1992 role-playing video game

J.R.R. Tolkien's The Lord of the Rings, Vol. II: The Two Towers is a video game published by Interplay Productions. It is an adaptation of The Two Towers by J. R. R. Tolkien, which is the second volume in The Lord of the Rings.

The game was released in 1992 for MS-DOS, PC-98, and FM Towns. It is a sequel to J.R.R. Tolkien's The Lord of the Rings, Vol. I.
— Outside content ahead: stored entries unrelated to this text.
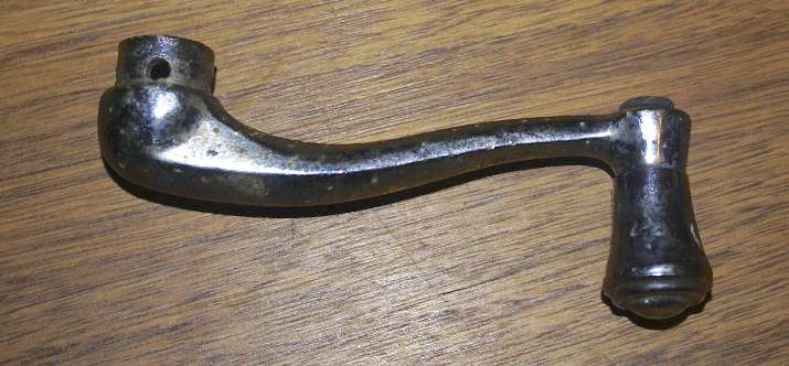 The die-cast pot metal knob is press fit on a steel swivel pin. Use a thin blade screwdriver to pry the knob away from the arm for removal. For the part in the pictures, this part will need to be cleaned and polished and re-chromed. There is also a thin metal thrust washer (not shown in picture) on the pin between the knob and crank arm.
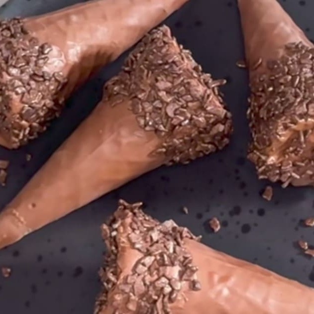 Delicioso cone recheado com creme de Ninho e morangos frescos Picados finalizando com uma deliciosa casquinha de chocolate
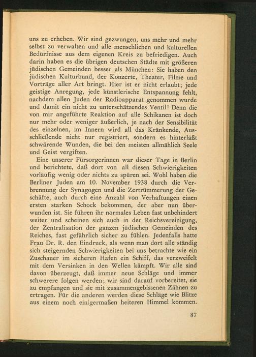 Eine unserer Fürsorgerinnen war dieser Tage in Berlin und berichtete, daß dort von all diesen Schwierigkeiten vorläufig wenig oder nichts zu spüren sei. Wohl haben die Berliner Juden am 10. November 1938 durch die Ver- brennung der Synagogen und die Zertrümmerung der Ge- schäfte, auch durch eine Anzahl von Verhaftungen einen ersten starken Schock bekommen, der aber nun über- wunden ist. Sie führen ihr normales Leben fast unbehindert weiter und scheinen sich auch in der Reichsvereinigung, der Zentralisation der ganzen jüdischen Gemeinden des Reiches, fast gefährlich sicher zu fühlen. Jedenfalls hatte Frau Dr. R. den Eindruck, als wenn man dort alle ständig sich steigernden Schwierigkeiten bei uns betrachte wie ein Zuschauer im sicheren Hafen ein Schiff, das verzweifelt mit dem Versinken in den Wellen kämpft. Wir alle sind davon überzeugt, daß immer neue Schläge und immer schwerere folgen werden; wir sind darauf vorbereitet, sie zu empfangen und sie mit zusammengebissenen Zähnen zu ertragen. Für die anderen werden diese Schläge wie Blitze aus einem noch einigermaßen heiteren Himmel kommen.
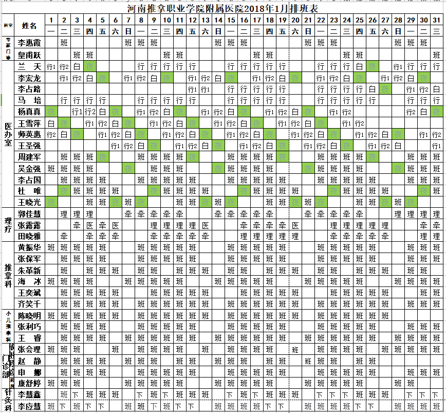 为保证您的治疗,在来院治疗前请查询此排班表,并及时与大夫预约。由此,给您带来的不便,敬请谅解。
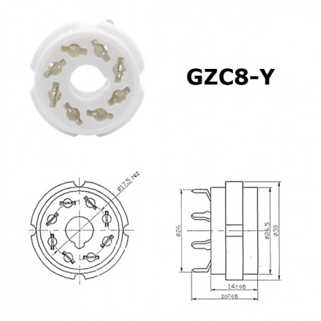 • Zoccolo octal GZC8-Y in ceramica da stampato/PCB

An Amiga version, and a second sequel, were canceled.

==Gameplay==
The gameplay is similar to that of the first game. It is a role-playing game wherein the player controls multiple characters from the book. It uses a top-down perspective. The game takes place slightly before its predecessor ends: at the dark forest of Fangorn. The story splits into several journeys of different characters similar to the book, the game also switches between different controllable parties. The ultimate goal is to reach Mount Doom and destroy the One Ring, though this is never accomplished in-game as these final scenes were intended for the canceled Volume III.

==Reception==
Computer Gaming World approved of the game's use of predetermined switching between characters, stating that it gives Towers "a depth of narrative which would not otherwise have been possible". The magazine concluded that those who enjoyed the first game in the series would enjoy its sequel, while newcomers might be confused but "still find Towers a worthy piece of entertainment".